I found the background to the rushed US and allied exit from Afghanistan revealing, but also incomplete.

I was in Washington, as EU Ambassador,  in 2009 when President Obama announced to assembled Ambassadors that he planned to dramatically increase US troop presence in the country….. to initiate the  so called “Surge” .

 Obama was motivated by a desire to strengthen  the US global military position, and also to make Afghanistan  human rights respecting democracy.

 It seemed over ambitious to me at the time, in light of the very recent  US failure to achieve similar goals in Iraq.
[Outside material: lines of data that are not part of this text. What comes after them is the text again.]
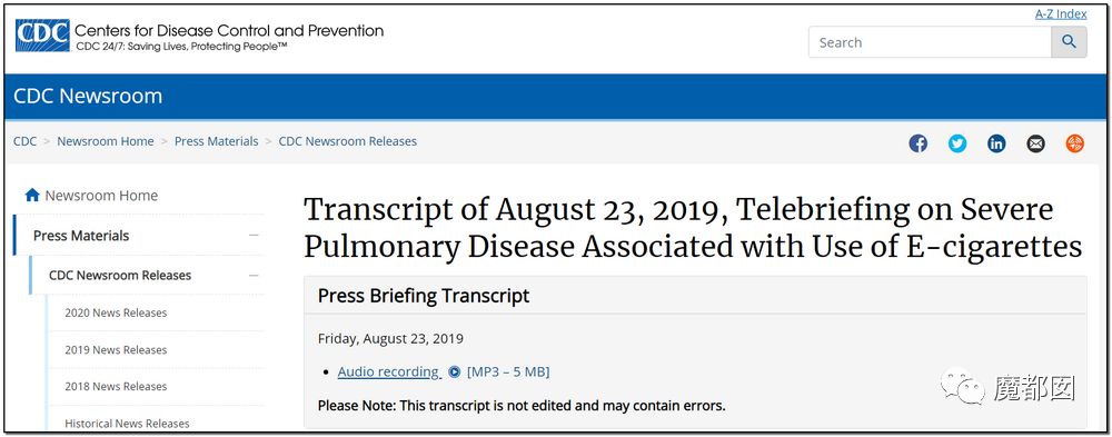 更加諷刺的是美國CDC也發文說了電子煙導致肺炎的事情。結論是……無法確診到底電子煙哪裡引起肺炎。
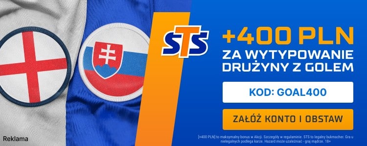 Kursy na wygraną Anglii nie są zbyt atrakcyjne, dlatego też warto zwrócić uwagę na świetną promocję STS. Bukmacher oferuje bonus o wartości aż 400 zł za wytypowanie gola dla Anglii lub Słowacji. Taki bonus możesz zgarnąć stawiając zakład już za 2 zł. Aby skorzystać z oferty należy podczas rejestracji w STS podać kod promocyjny GOAL400. Poniżej krok po kroku wyjaśniam jak skorzystać z oferty.
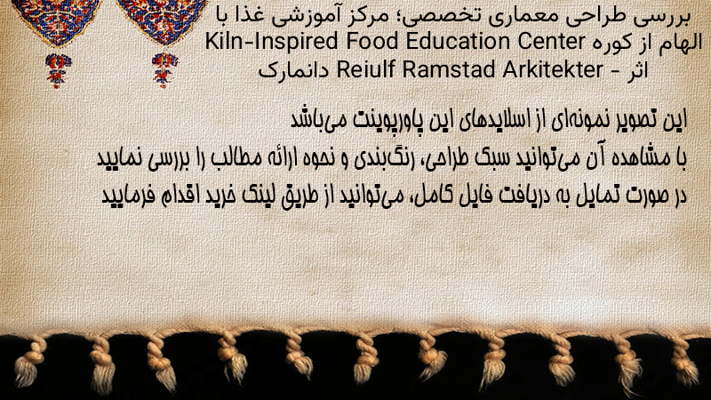 پاورپوینت کامل بررسی طراحی معماری تخصصی؛ مرکز آموزشی غذا با الهام از کوره Kiln-Inspired Food Education Center اثر Reiulf Ramstad Arkitekter – دانمارک
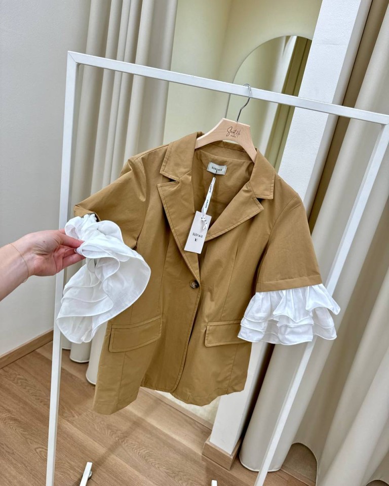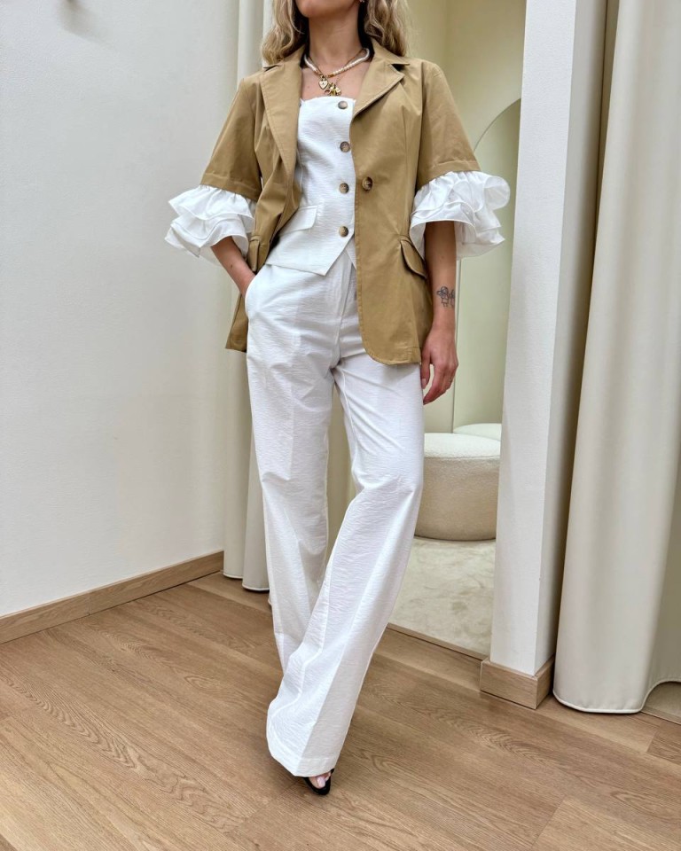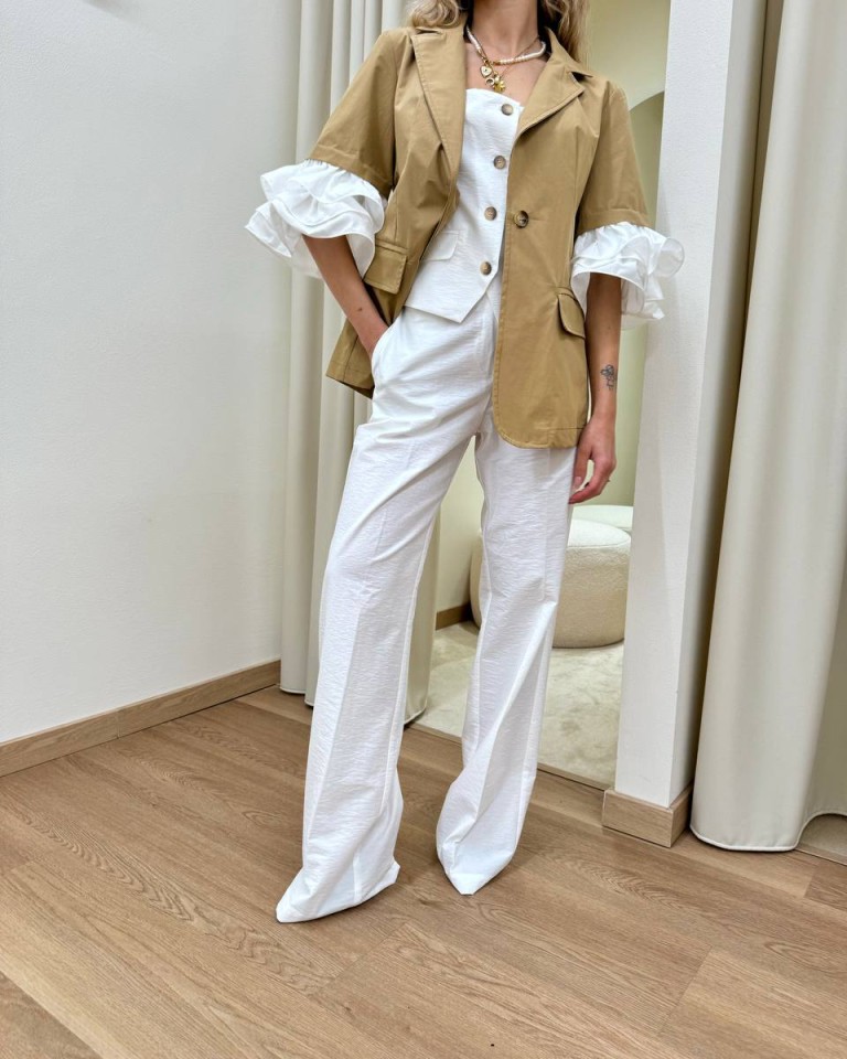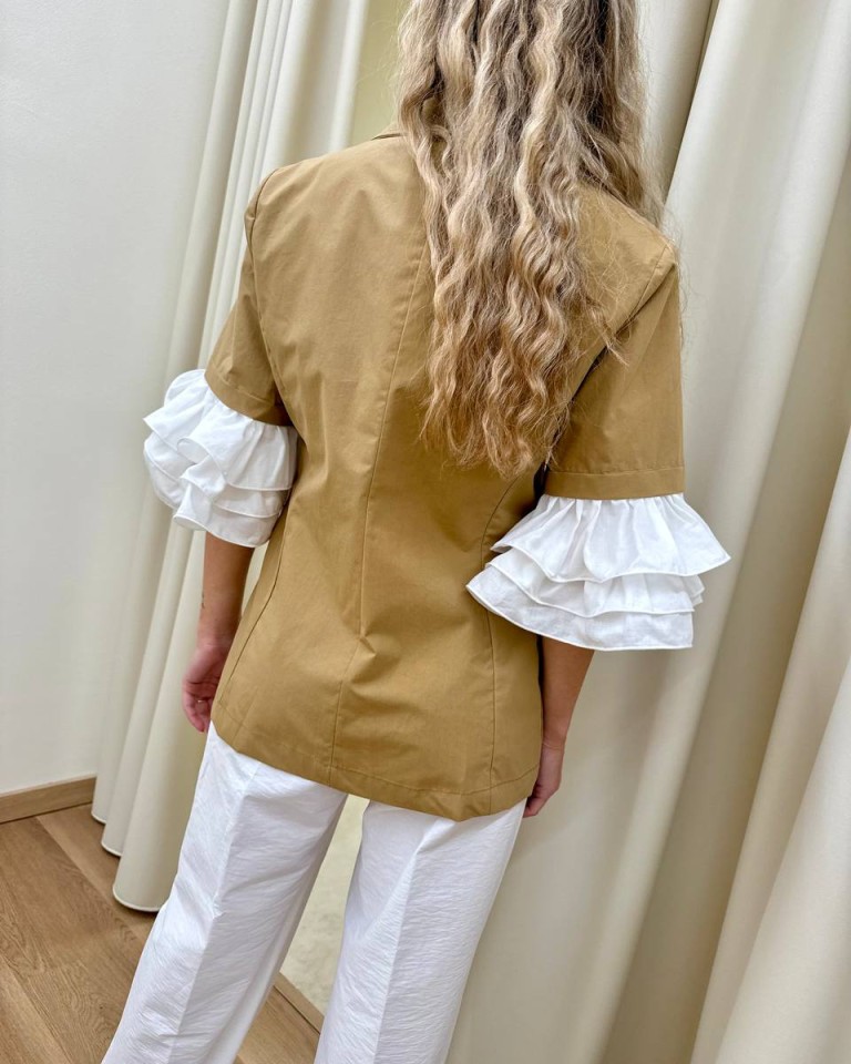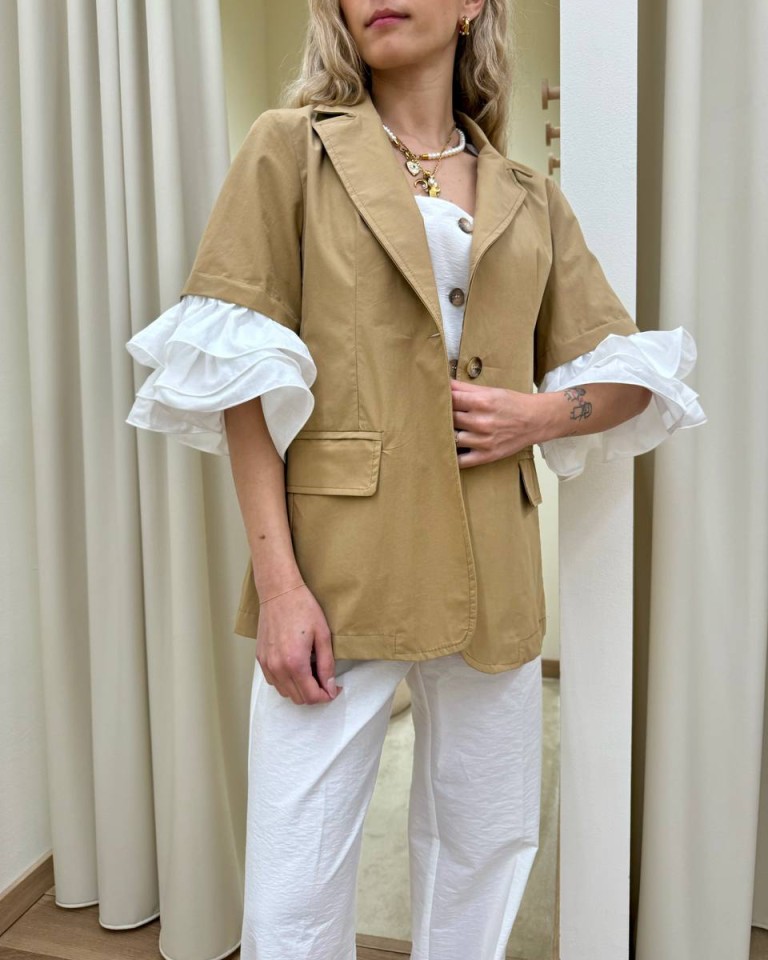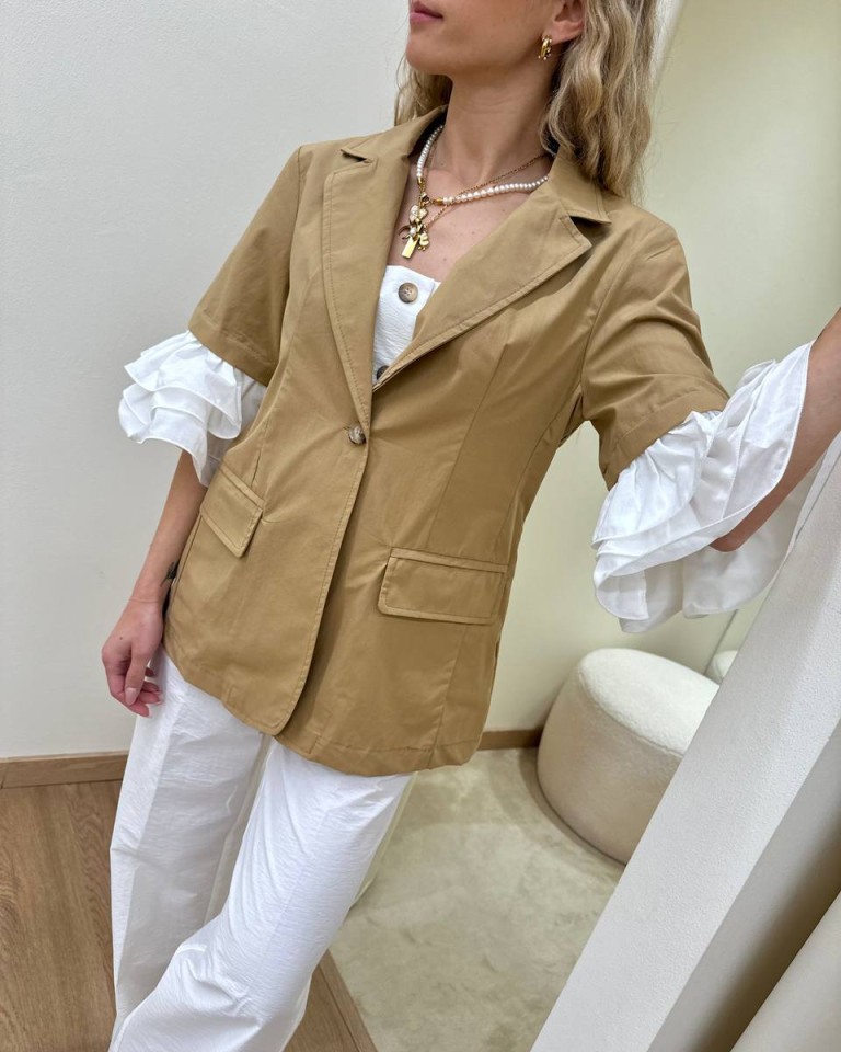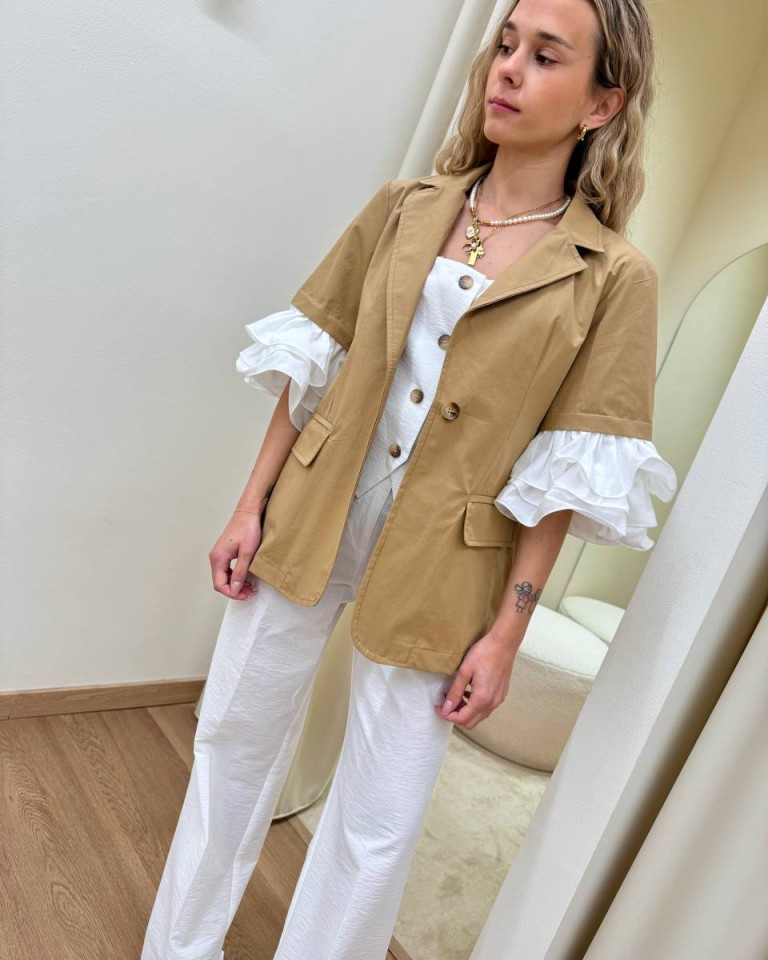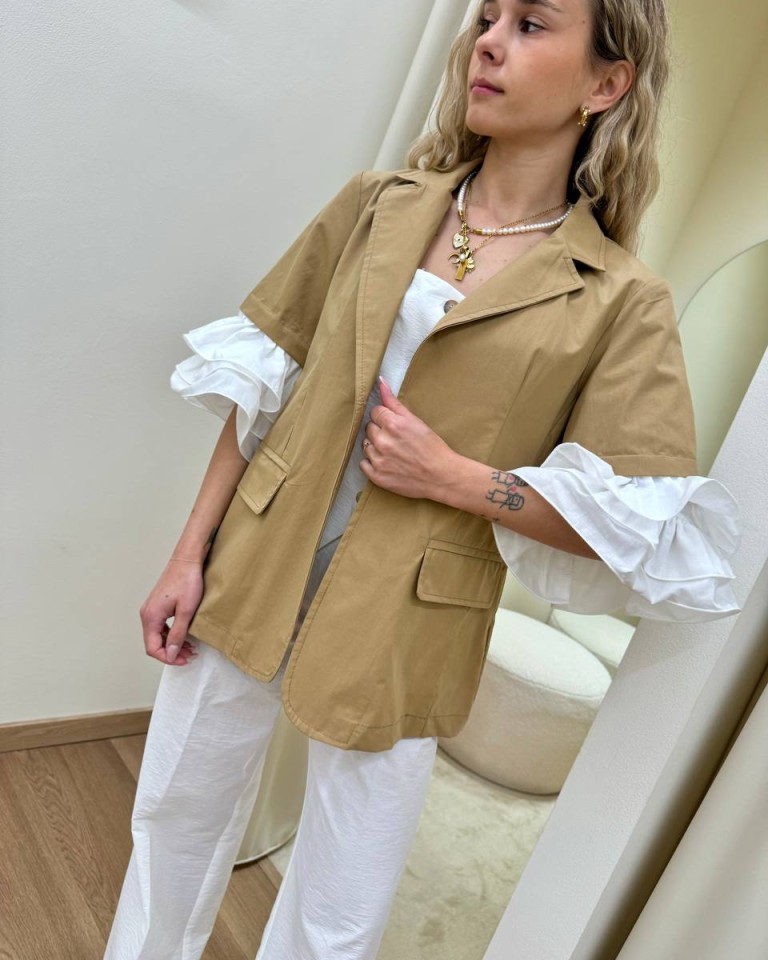 Giacca color cammello, modello dritto con rever classico, tasche con patta, maniche corte con rouches bianche a contrasto. Vestibilità ampia.

“Peril” tells us that Obama’s vice President at the time, Joe Biden, was totally opposed to the Surge. But Hillary Clinton, Secretary Gates and the generals prevailed. The Surge went ahead.

 When President Trump took over, he wanted to get US troops out of Afghanistan as quickly as possible. But inertia , and lack of focus on his part,  meant that he never actually did it.  It fell to Biden to implement  this part of the Trump agenda ( just as he follows the Trump agenda on China).

 The actual withdrawal was a botched job, and Afghans who had loyally served the allies were abandoned.  Woodward and Costa offer no explanations for this.

The book does offer an insight into Biden’s style of negotiation with Congress. He is tough and relentless in his pursuit of detail. He was, and is, determined to put money in the pockets of working class Americans . He has been so good at this that his Stimulus Bills may have contributed to demand led inflation in the US.

Did Donald Trump’s contribution to inciting violence, and   to the attempt to overturn the vote of the people, add up to a crime for which he could be convicted in a court of law?

I believe the answer is to be found in the speech made by Senator Mitch McConnell, the Republican Senate leader, after the second attempt to impeach Trump had failed.

Describing what happened on 6 January as a “disgrace” and an “act of terrorism”, he said

“There is no question that President Trump is practically and morally responsible “

but added

 “by the strict criminal standard, the President’s speech probably was not incitement”.

Donal Trump, after all he has done, still leads the Republican polls.

The peril to American democracy comes from kindly, decent Americans, who are putting cultural and party loyalty , ahead of the interests of democracy in America.